Authorship requires creative human contribution. Works consisting of both human-authored and GAI generated material may be copyrightable. We suggest that the more creativity and details utilized in prompts, mechanisms of control, and illustrative inputs, and selection of the output, the more a work will qualify for copyright registration. We recommend that the copyright office of the United States develop guidelines for how human creativity and intervention is measured when determining if a work is human or machine authored. We believe these standards should go beyond the type of ‘self-certification’ that exists in Lanham Act and Federal Trademark applications for marks related to performers. The solution probably involves a programmatic connection using industry-government defined communication standards between GAI companies and the copyright office. This application programming interface of sorts would enable authentication of the prompt engineering involved in the output. This is another application for an industry supported open-source blockchain based solution for provenance information in content.

Furthermore, in instances where a GAI tool “creates” a work 100% based on the work of an author or rights holder, the output should be entitled to copyright protection as a work derivative of the original. For example, if a GAI tool has ingested all of the musical compositions of Artist A, and all of the sound recordings of Artist A, and the rights holder(s) of those compositions and sound recordings instruct a GAI tool to create a musical composition and sound recording solely in the styles of Artist A, the output should be entitled to copyright protection inuring to the benefit of the Artist whose NILVS is reproduced, as well as the rights-holders of the musical compositions and sound recordings used to create the output(s). Perhaps there should be some co-authorship rights to the producers (prompt engineers), mixers, etc.

If a GAI tool’s output resembles (is substantially similar to) copyrighted works and affects the market for the copyrighted work, it is our opinion that fair use may not and should not apply. Standard Technical Measures should co-evolve, potentially introducing Safe Harbors when strong technical tools are employed to allow copyright holders to manage their rights.

Right of Publicity and Privacy, Impersonations, and Deep Fakes

There are a few ways in which people’s name, image, likeness, voice, style, persona, or performance (what we are calling NILVS) can be used in GAI: (1) NILVS, including videos, and sound recordings, of humans can be used as training data; (2) people’s names and other identifying data, such as videos, images, and sound recordings can be used as prompts; (3) outputs of GAI can include, replicate, or evoke the NILVS of identifiable humans. Some of the issues of concern regarding these include threats to: the right of humans to control how our identities are used; for some, their livelihood; democracy, because GAI might produce deepfakes of politicians giving speeches or doing things they did not say or do, or of influencers purportedly endorsing a candidate or policy position.

Stated generally, a right of publicity is currently the right of humans to control the commercial[40] use of their identity, for example, when an individual’s identity is used in an advertisement or on products, goods, or services. Identity has traditionally comprised an individual’s name, likeness, voice, and signature. It is important to note that the First Amendment prohibits restraining the use of an individual’s identity in “non-commercial” expressive speech, such as in news reporting, commentary, entertainment, works of fiction or nonfiction, or in advertising that is incidental to such uses, even if such uses are for profit.[41] We will look at how First Amendment issues are addressed in the proposed Federal NO FAKES Act discussed below.

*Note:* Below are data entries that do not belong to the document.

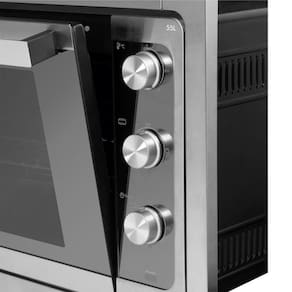 Forno Elétrico de Embutir Philco PFE55E com capacidade de 55 litros, temperatura máxima de 230°C, timer de 120 minutos com desligamento automático, função manter ligado, luz interna e bandeja coletora de resíduos.Timer
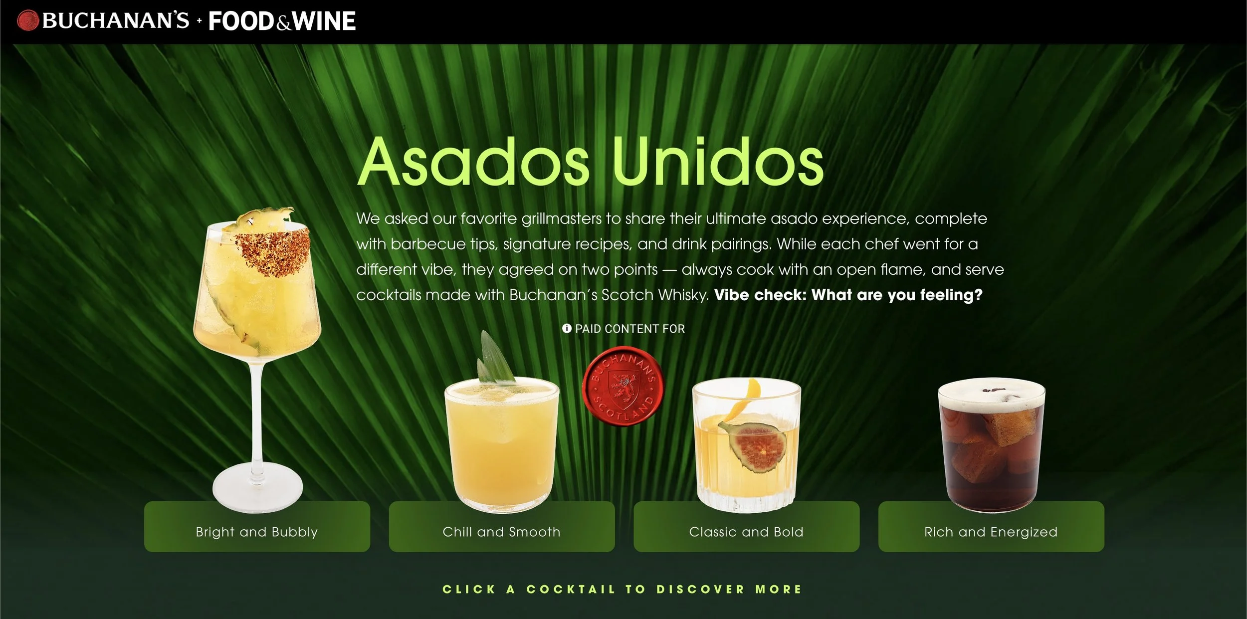 In partnership with Buchanan’s and Food & Wine, creating custom content through custom videos, talent partnerships, and digital content that extends the clients existing campaign of Asados Unidos.
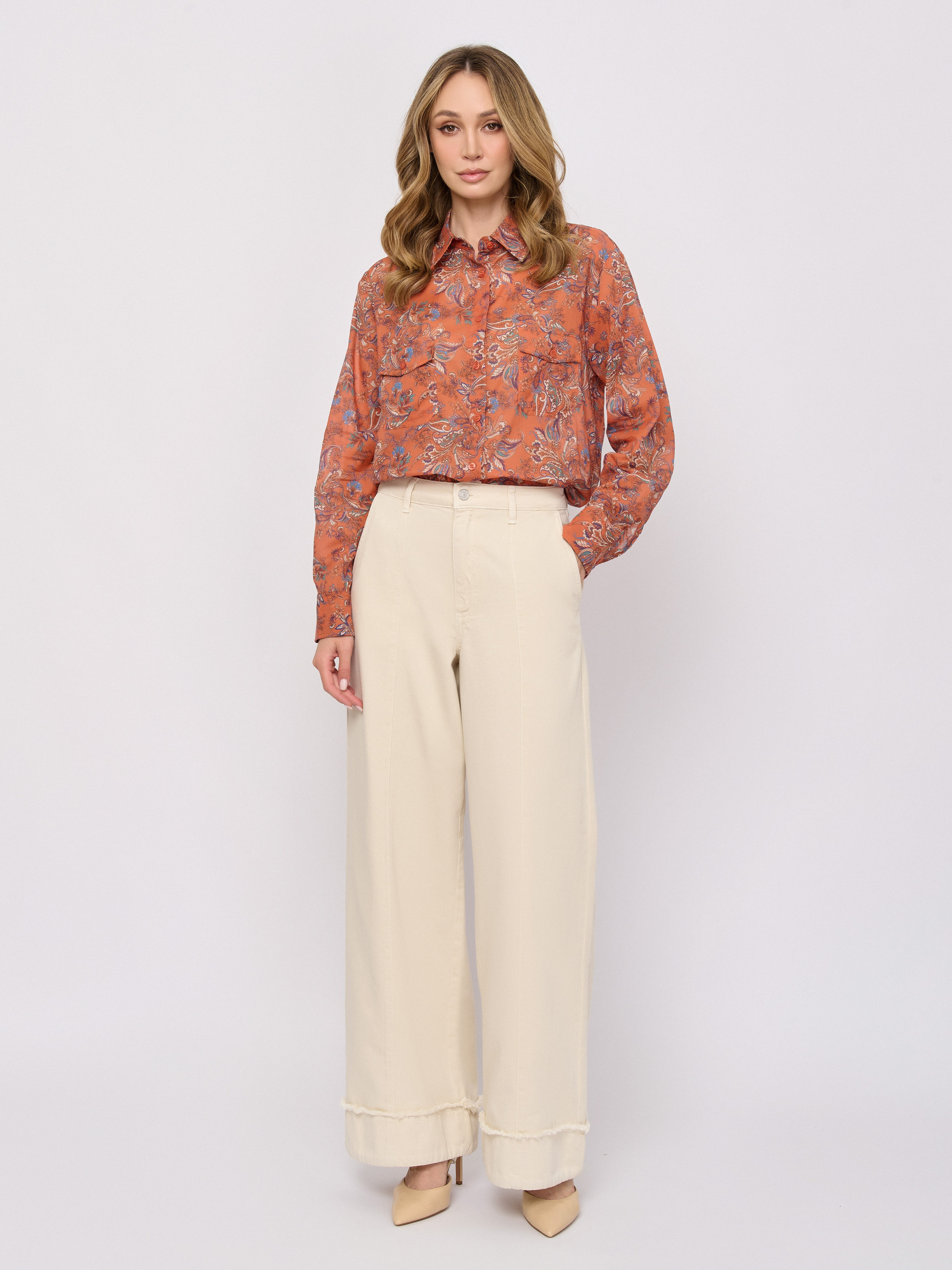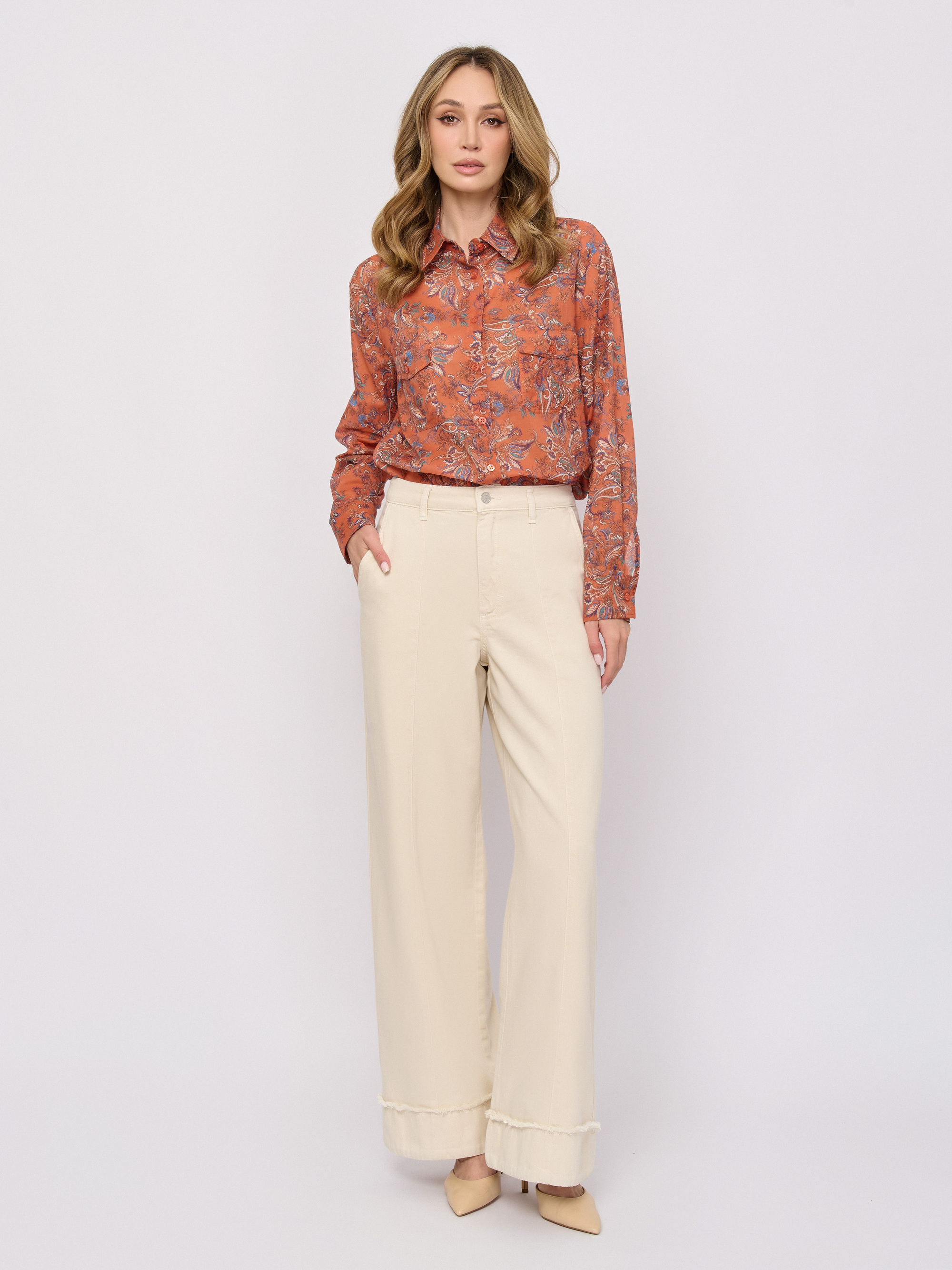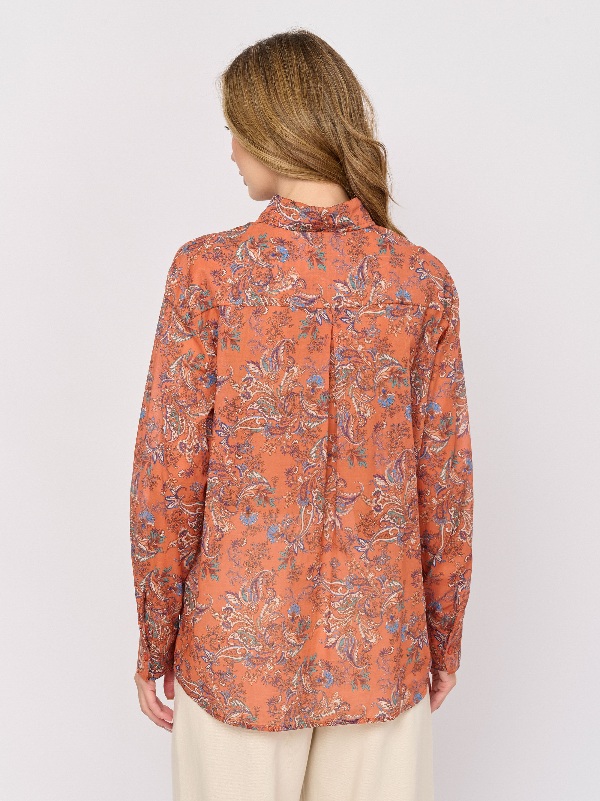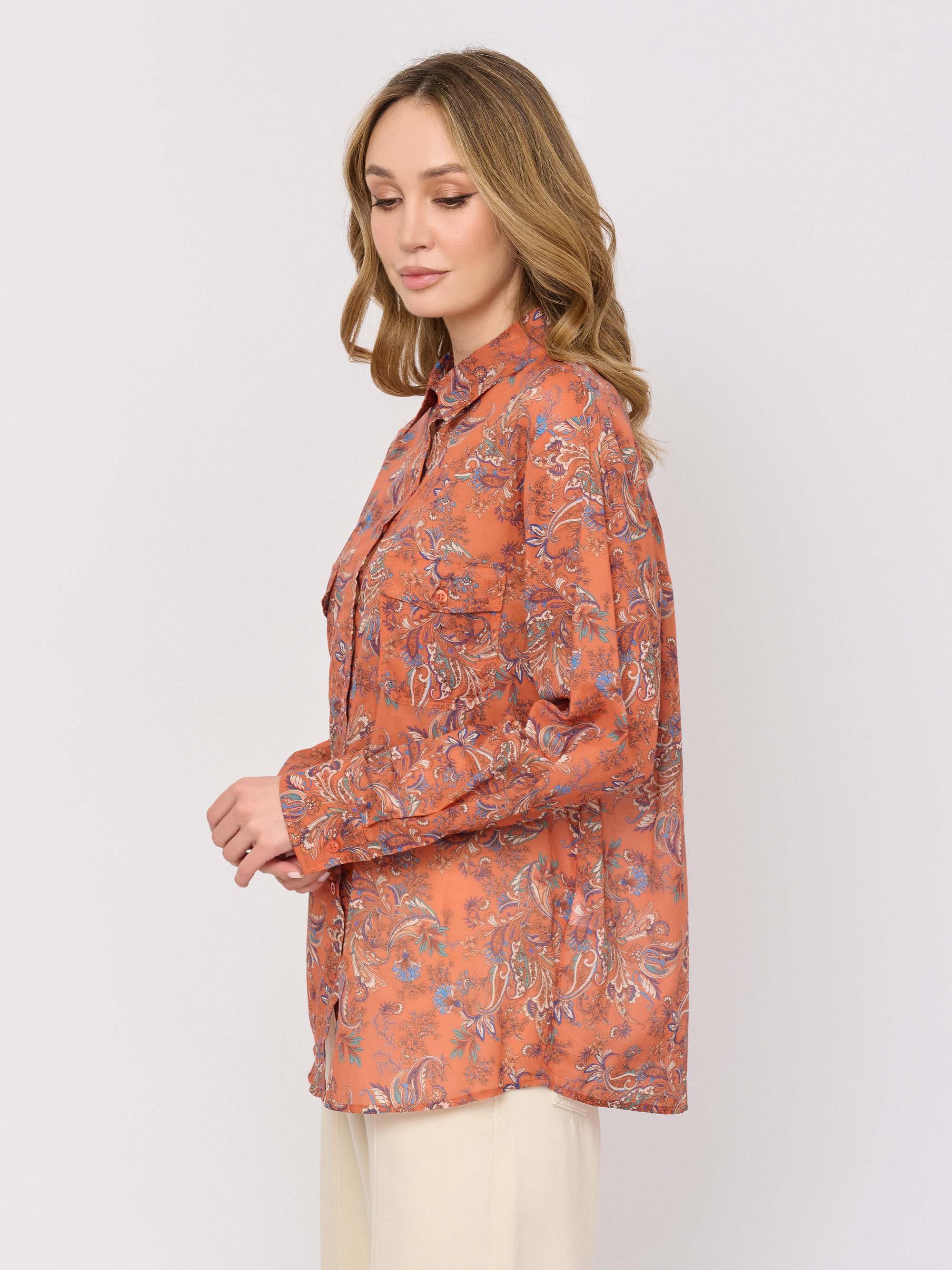 Детали: застежка пуговицы, рукава длинные, покрой прямой, рисунок пэйсли, карманы накладные.

Although there is currently no federal right of publicity, it is reported that a majority of states currently recognize a statutory or common law right of publicity, or both, through a patchwork or hodgepodge of laws.[42] As under the Lanham Act, discussed below, the laws of almost all states only protect those who are famous or publicly recognizable or whose identities have commercial value.[43] Right of publicity claims do not require that there is a likelihood of confusion, so a defendant who violates the right could not avoid liability by adding a disclaimer to GAI output. Some states recognize a right through the tort of invasion of privacy by appropriation under which a plaintiff can recover for a defendant’s unpermitted use of plaintiff’s identity with damage to plaintiff’s dignitary interests and peace of mind. Other laws could potentially be invoked in connection with GAI generated outputs that include the name or likeness, including vocal likeness, of a particular human, including defamation or false light (e.g., if a digital replica falsely depicts a human doing something they did not actually do or say, and where the use injures the individual’s reputation or is highly offensive to them),[44] fraud, or trademark infringement. Imitating an individual’s style usually does not receive protection, including under copyright law.

The Lanham Act[45] is a possible applicable US federal law in this arena that applies trademark protection from false designation of origin. For performers and others, the typical Lanham Act cause of action is false endorsement. However, currently, it only applies to individual's deemed ”famous” or “publicly recognizable” or who have commercial value, under the Second Circuit’s Carmen Elektra decision.[46] Trademark and unfair competition laws, both under the federal Lanham Act and state laws, protect against unauthorized uses of a person’s identity if the use suggests confusion as to the person’s endorsement or participation in the newly generated work. Although Federal Trademark registration is not required for a Lanham Act false endorsement claim, registration may be limited to a particular aspect of a celebrity's persona, not a general reference to their identity, and style and voice are likely not protected.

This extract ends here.